### Task details
Would it be possible to output exactly, and only, the lines below from the one holding "DESCRIPTION - double" to the last line, both included, with every picture left out?

### Data for processing
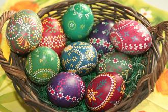 Die bunt verzierten sorbischen Ostereier selbst herzustellen ist gar nicht so schwer. Im Heimatmuseum in Dissen kann jeder, ob jung oder alt, die Kunst der Wachsreservetechnik erlernen und sein eigenes Osterei gestalten. Dabei werden mit Nadel und Federkiel Wachstupfen auf das Ei getragen, bevor dieses gefärbt wird.
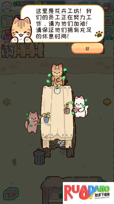 2. 雇佣独一无二的可爱萌猫助手,协助在家园工作。
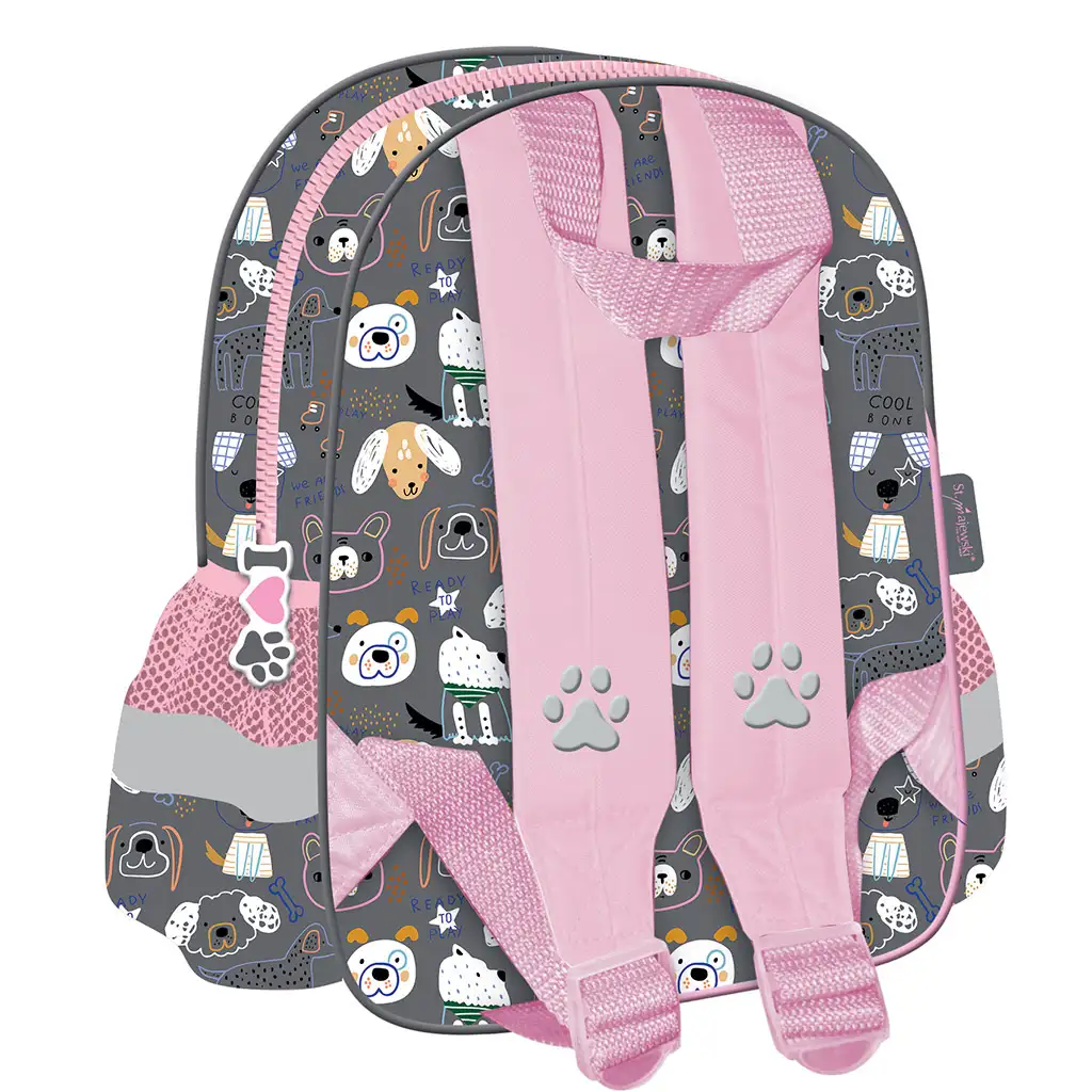 My Little Friend Sweet Pomeranian dječji vrtićki ruksak s motivom psa, dimenzija 28x25 cm, savršen je izbor za sve male ljubitelje životinja u vrtiću. Ovaj slatki ruksak svojim veselim, razigranim dizajnom i slikom prijateljskog pomeranca zasigurno će oduševiti djecu. Rozo-sivoj paleti boja dodatnu čar daju simpatične privjeske za patentne zatvarače u obliku šapica i uzorci s psićima, što ruksaku iz svakog kuta daje šarmantan izgled. Vesele slike pasa i srčeka sigurno će razveseliti mališane tijekom vrtićkih dana.
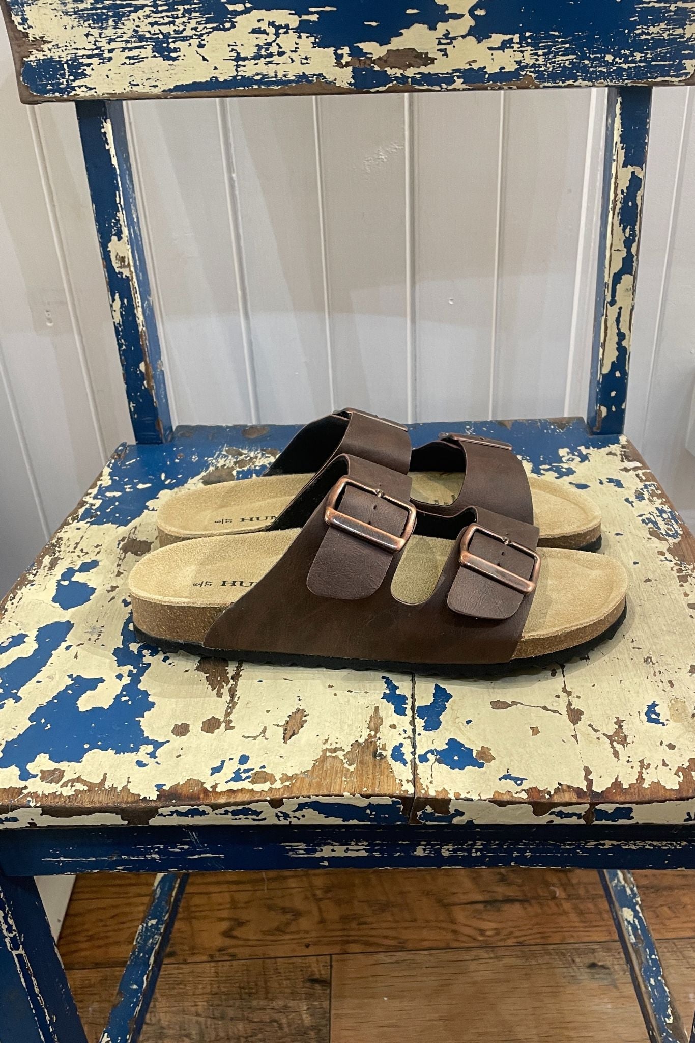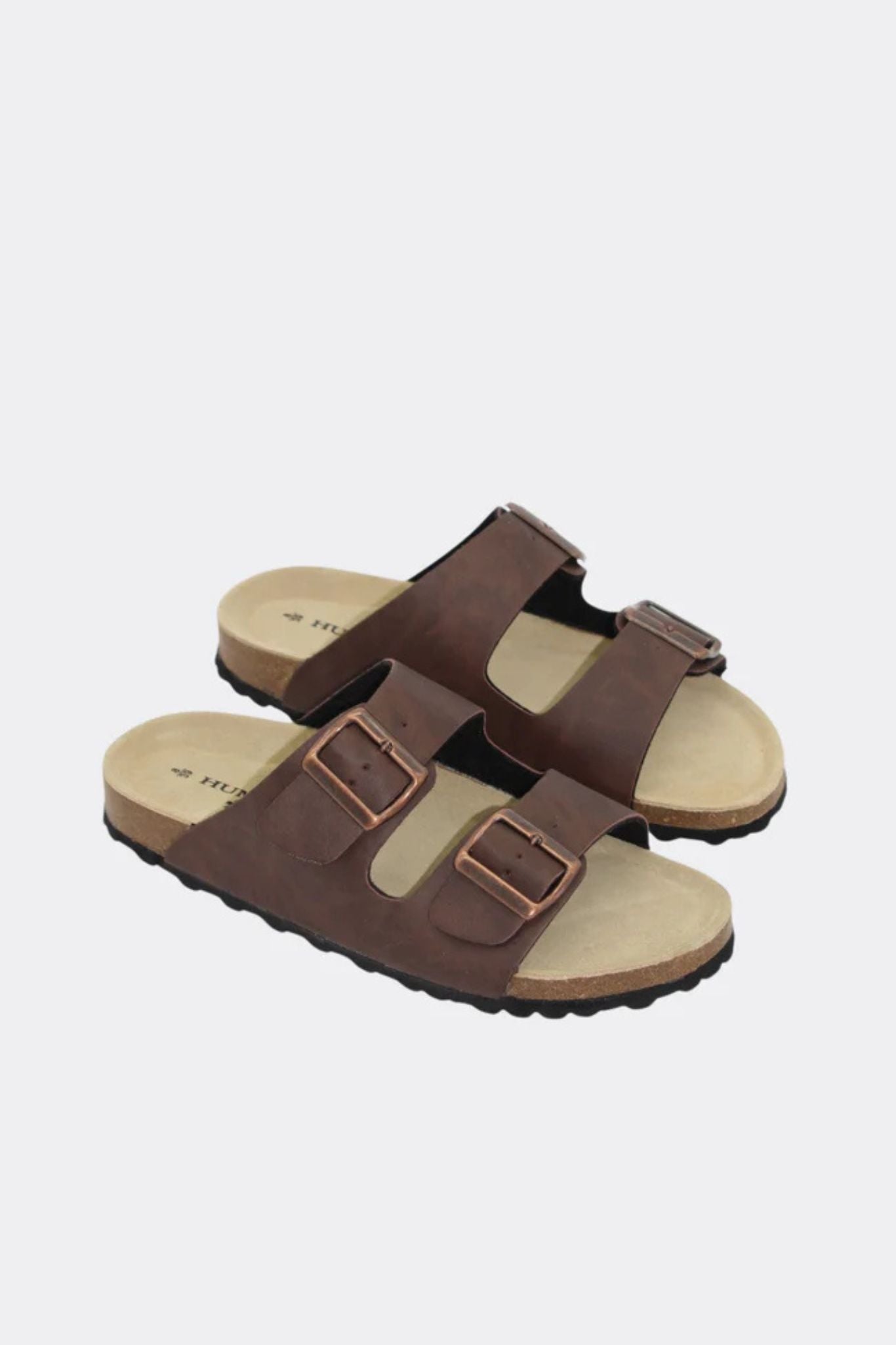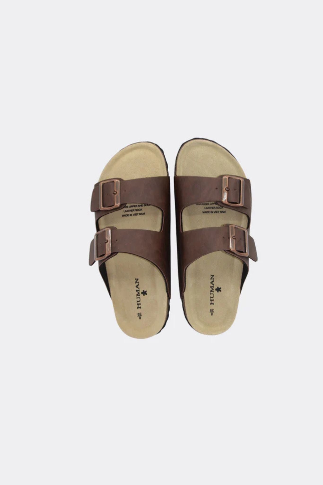 DESCRIPTION - double buckle slip-on sandals feature a molded sole for comfort, a non-leather upper, and a leather insole. equipped with metal adjustable buckles, they are thoughtfully designed in Australia and manufactured in Vietnam.
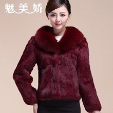 魅美娇整皮真兔毛皮草外套短款长袖狐狸毛领大码中老年妈妈款女装
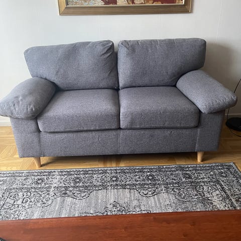 Säljer min EGENSE 2‑sits soffa från JYSK i mörkgrått tyg.
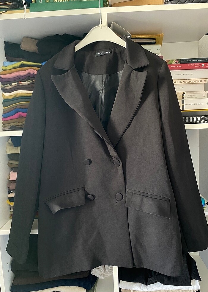 trendyol siyah blazer kalça kapatır

### Exercise response
 DESCRIPTION - double buckle slip-on sandals feature a molded sole for comfort, a non-leather upper, and a leather insole. equipped with metal adjustable buckles, they are thoughtfully designed in Australia and manufactured in Vietnam.
 魅美娇整皮真兔毛皮草外套短款长袖狐狸毛领大码中老年妈妈款女装
 Säljer min EGENSE 2‑sits soffa från JYSK i mörkgrått tyg.
 trendyol siyah blazer kalça kapatır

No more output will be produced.